Se comprende el grito de asombro de Francisco ante esta grandiosa perspectiva:

«¡Oh cuán glorioso y santo y grande, tener un Padre en los cielos! ¡Oh cuán santo, consolador, bello y admirable, tener un esposo! ¡Oh cuán santo y cuán amado, placentero, humilde, pacífico, dulce, amable y sobre todas las cosas deseable, tener un tal hermano y un tal hijo!, que dio su vida por sus ovejas y oró al Padre por nosotros diciendo: Padre santo, guarda en tu nombre a los que me has dado...» (2CtaF 54-56).

Verdaderamente es la realización de lo mismo que Jesús pedía a su Padre, como fruto de su Pascua, en la oración sacerdotal de la que Francisco estaba impregnado.

NACER DEL ESPÍRITU

«Bienaventurados los limpios de corazón, porque ellos verán a Dios (Mt 5,8). Son verdaderamente limpios de corazón quienes desprecian las cosas terrenas, buscan las celestiales y no dejan nunca de adorar y ver, con corazón y alma limpios, al Señor Dios vivo y verdadero» (Adm 16).
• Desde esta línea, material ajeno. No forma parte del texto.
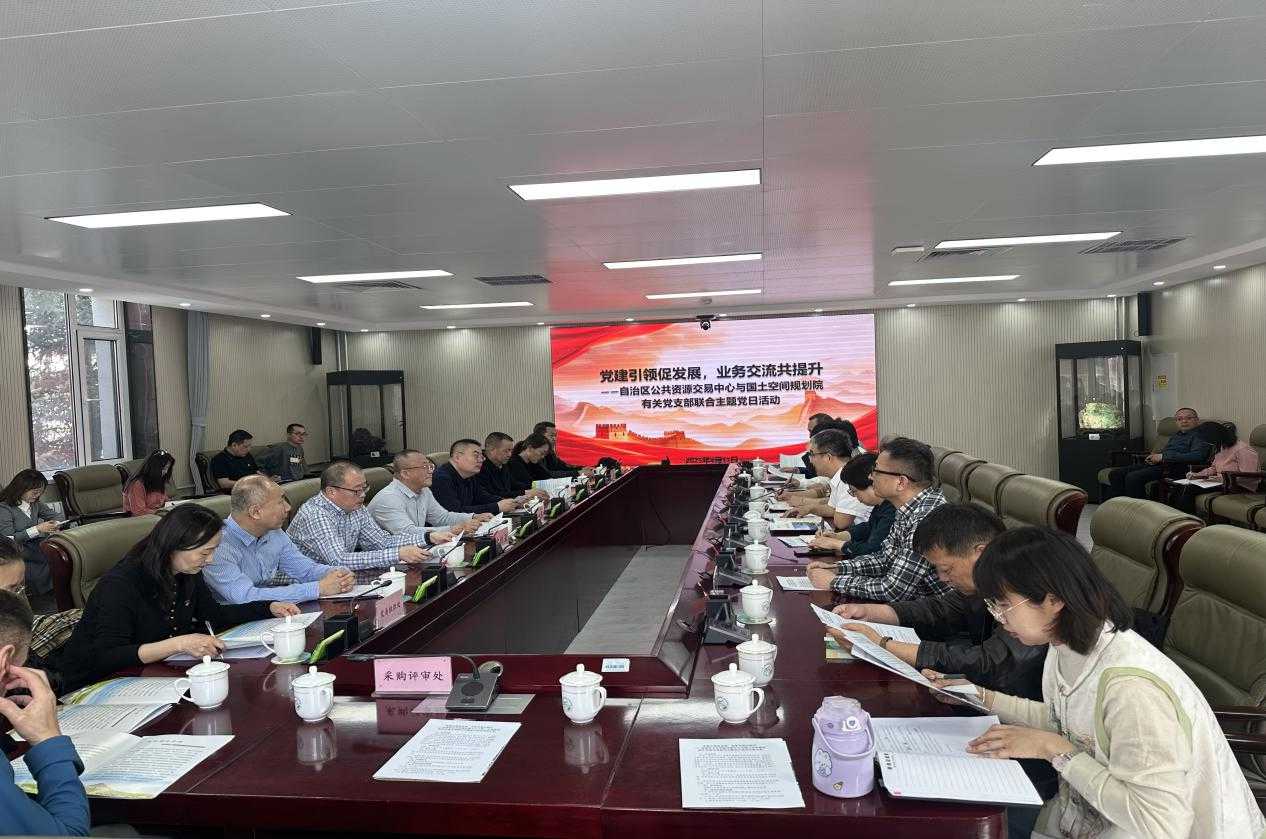 为扎实开展深入贯彻中央八项规定精神学习教育,推动党建与业务深度融合,共同增强干部队伍政治意识和服务意识,提升业务能力,近日自治区公共资源交易中心与自治区国土空间规划院联合开展“党建引领促发展,业务交流共提升”主题党日活动。
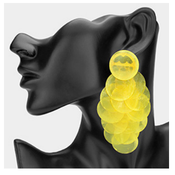 Expertly crafted for a modern and glamorous look, our Oversized Transparent Colored Resin Disc Layered Chandelier Earrings will elevate any outfit. Measuring 2.25" by 3.75", these earrings feature post backs and are lead and nickel compliant for comfortable wear. Stand out with these bold and lightweight chandelier earrings.

Los corazones puros verán a Dios. A decir verdad, no cesan de adorarlo y de verlo. Están constantemente en la luz del Espíritu.

¿Qué condición hace falta para ello? Francisco es nítido: «Despreciar lo terreno, buscar lo celestial». ¿Habrá que hacer una lista de las cosas terrenas que nos impiden ver a Dios y de las cosas celestiales que nos lo revelan? Sería una empresa ilusoria, pues las cosas se muestran ambiguas: el trabajo, el descanso, la amistad, la felicidad, la adversidad, la oración incluso, unas veces nos unen a Dios y otras nos alejan de Él. La diferencia radica en nosotros. Hay una manera terrena de apropiarse de las cosas, en cuyo caso se convierten en terrenas y nos separan de Dios; y hay una manera de recibirlas de Dios, en cuyo caso son celestiales y nos arrojan a Dios.

El paso de una actitud a otra no es exterior a nosotros, no consiste en cambiar una cosa por otra. Está dentro de nosotros mismos. Hay que pasar de una manera humana de apropiación a una forma celestial de recibir de Dios. Hay que pasar del espíritu terreno de posesión y dominio al Espíritu de pobreza, acogida y participación. Hay que «cambiar de espíritu». Hay que pasar de la grandeza a la misericordia. Hay que pasar de la amargura de la codicia a la dulzura del amor.

Este paso, sin embargo, es tarea que nos sobrepasa. ¿Cómo podría darme a mí mismo el Espíritu del Señor? Este paso es el fruto sabroso de la Pascua de Jesús, con la que nos hace pasar de este mundo al Padre, comunicándonos su Espíritu. Del Misterio Pascual brota el nuevo nacimiento con el que un hijo de Adán es transformado en hijo de Dios.